At the start of fieldwork, each sample member aged 16 or over was mailed a letter. For the web-first sample, this constituted an invitation to complete the web survey and included the survey URL and a log-in code. For the CAPI-first sample, the letter constituted an advance letter informing the recipient that an interviewer would soon be visiting. Most of the content of the letter was otherwise identical for the two samples. Where possible, web-first sample members were additionally sent their letter by email, timed to arrive on the same day as the mail letter. The email version of the letter included a direct link to the questionnaire.

Additional new household members were identified in the field only after a household had been contacted. These persons are not part of the current experiment, as they were not sent the initial letter.

The initial letter included a paragraph designed to motivate sample members to participate by emphasizing the value of their data. This paragraph is the focus of the prospect theory experiment reported here. For a random half of sample members,4 this paragraph emphasized the additional value of participating again at the current wave. This is referred to as the “control group,” as this approach was taken at previous waves and on most surveys. For the other half (“treatment group”), the motivational paragraph emphasized the loss of value associated with not participating again. All persons within a household received the same treatment (i.e., the random allocation took place at the household level).

The control group received the positively-worded paragraph: “The information you have given us previously is very valuable and will become even more valuable if you participate again this year.” The treatment group received the negative wording: “The information you have given us previously is very valuable but will become much less valuable if you don’t participate again this year.”

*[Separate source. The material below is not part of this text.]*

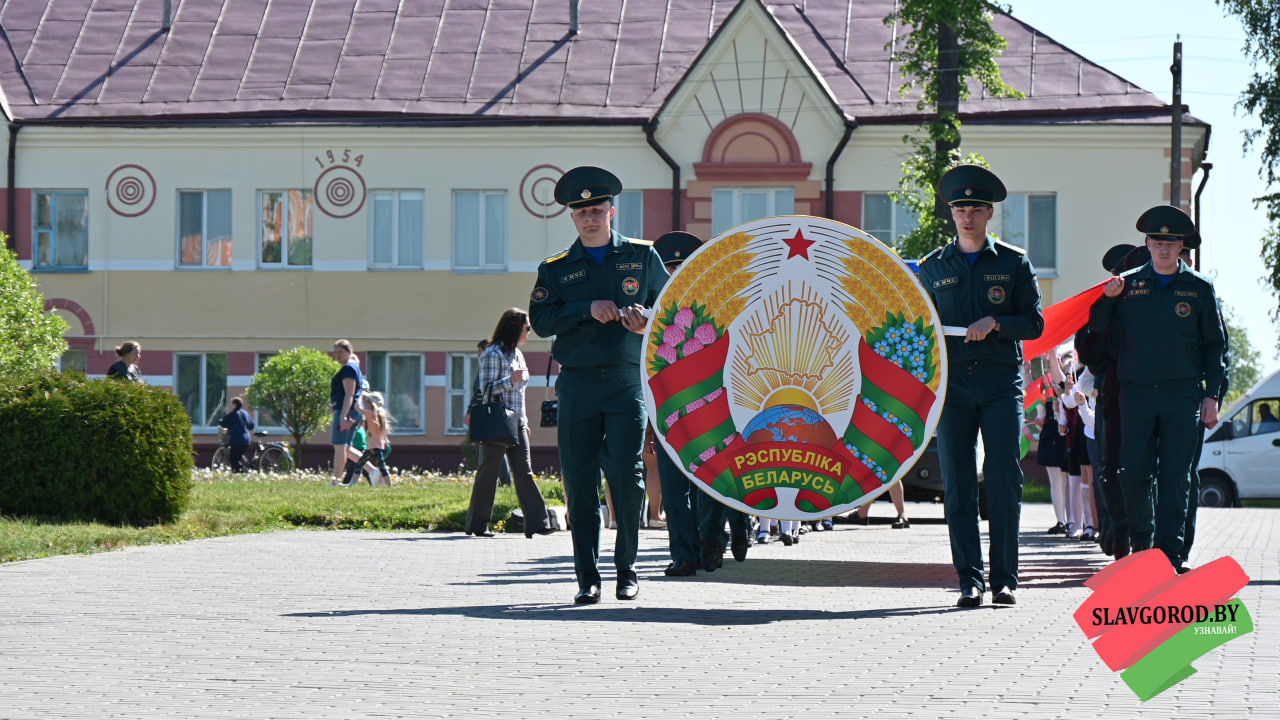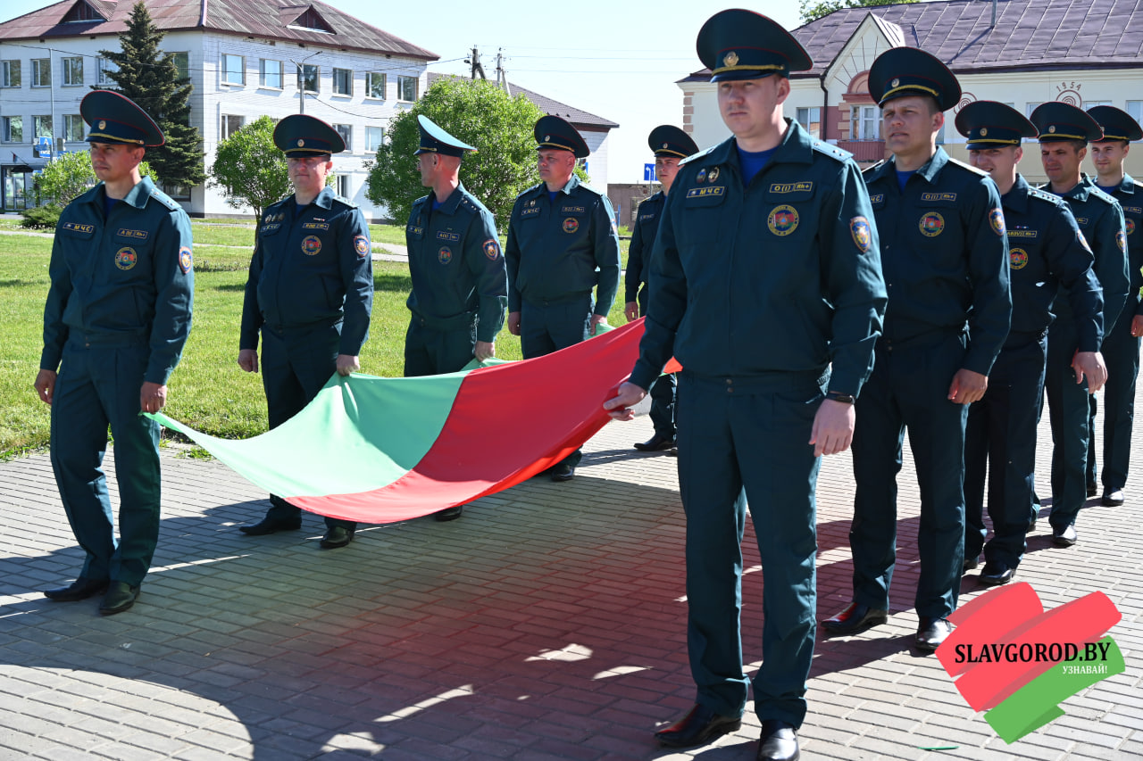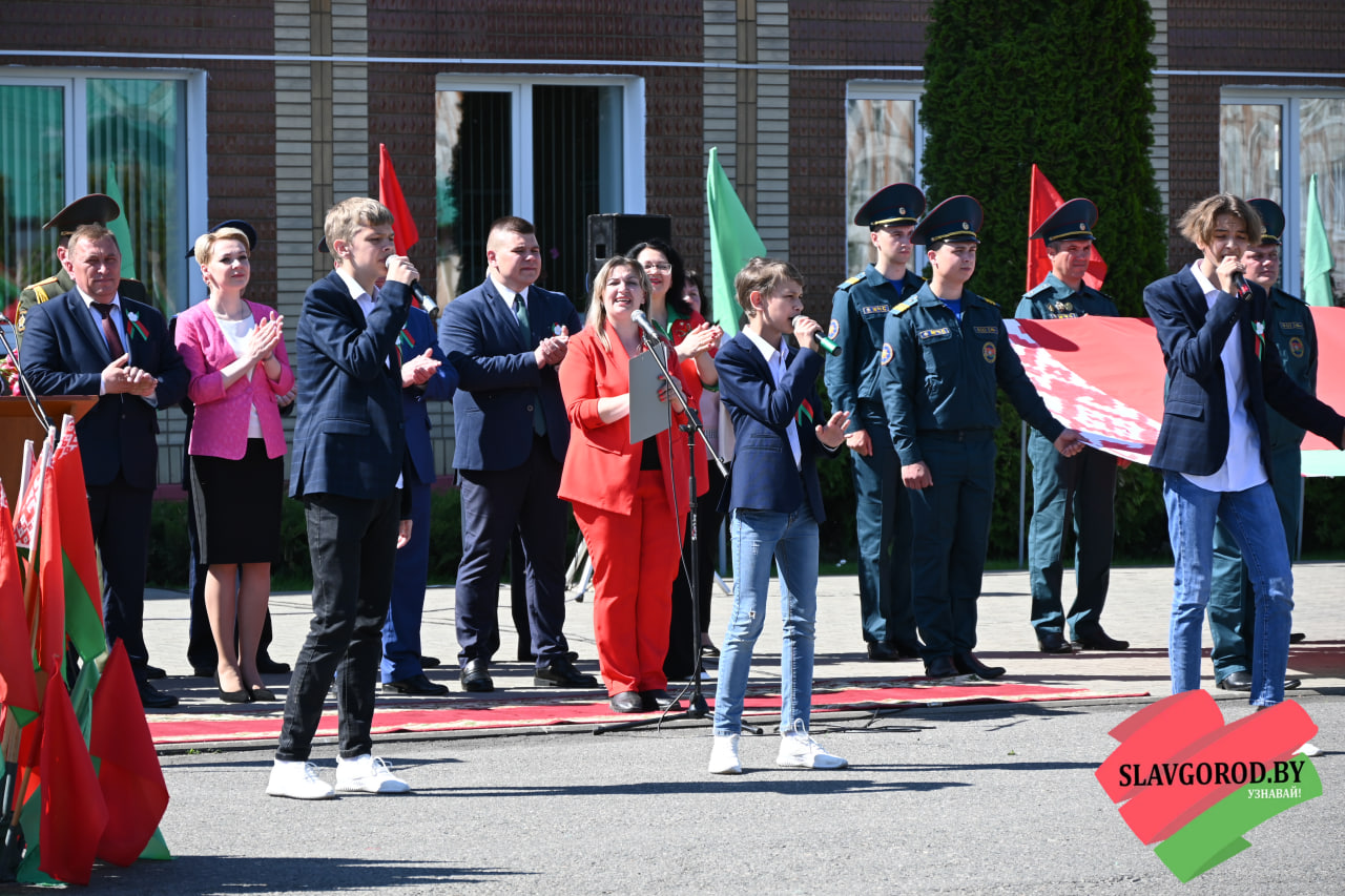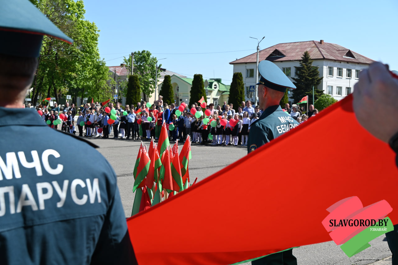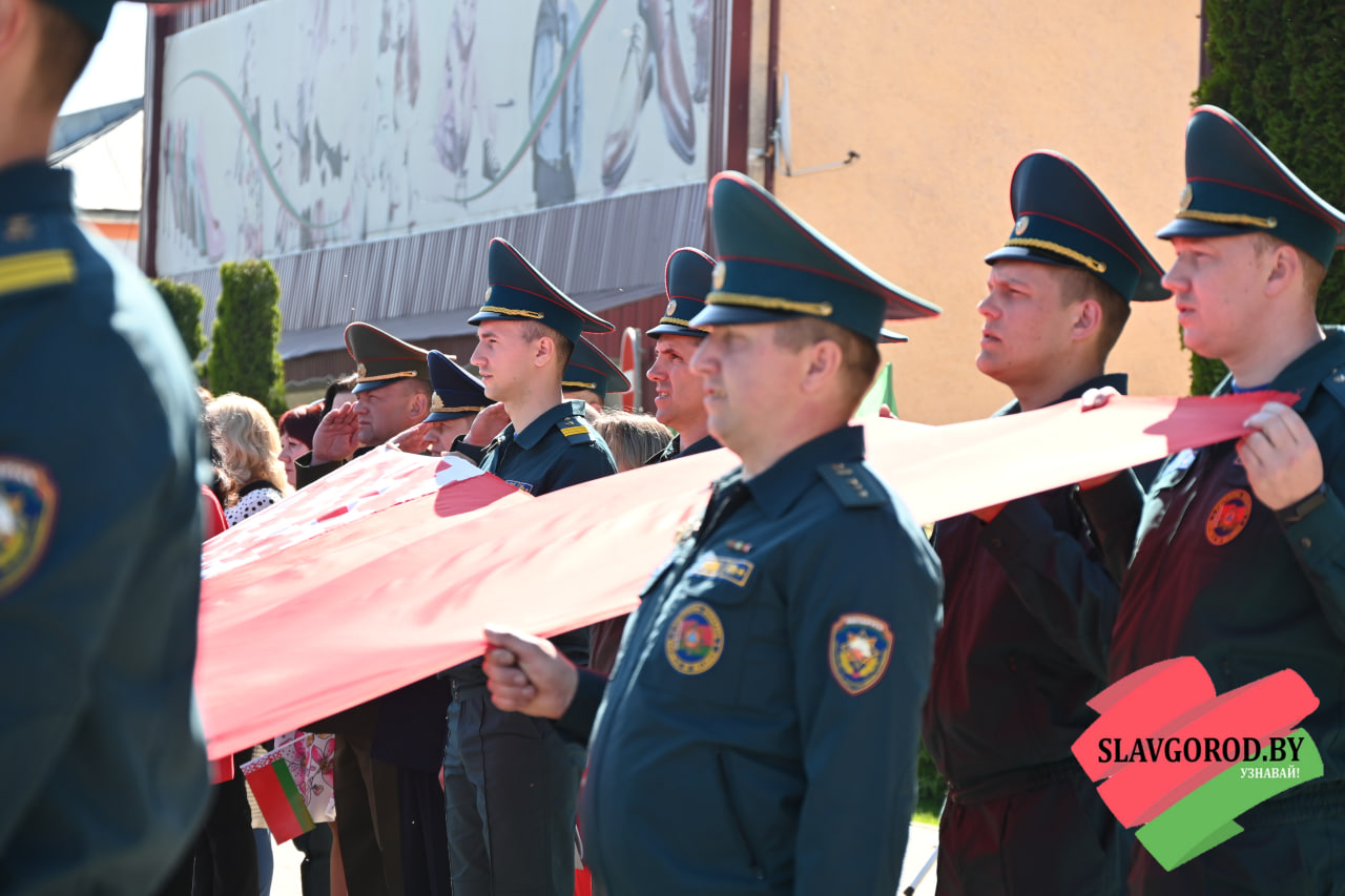Сотрудники Славгородского РОЧС внесли на площадь Государственные символы — Герб и Флаг, а юные славгородчане, которых чуть позже принимали в октябрята и пионеры, исполнили Государственный Гимн.

As the experiment was designed to identify which form of wording was more effective at motivating existing panel members to continue participating, both experimental versions of the wording refer to the information given previously by the sample member, and the experiment was restricted to people who had previously participated at least once.

DATA

Of the 3,521 sample persons issued to the field, 88 were new sample entrants who were therefore excluded from the experiment and 594 were children aged under 16 (so, not yet eligible for the individual interview). A further 38 had become ineligible (died or emigrated) by the time of fieldwork, leaving an analysis sample of 2,801.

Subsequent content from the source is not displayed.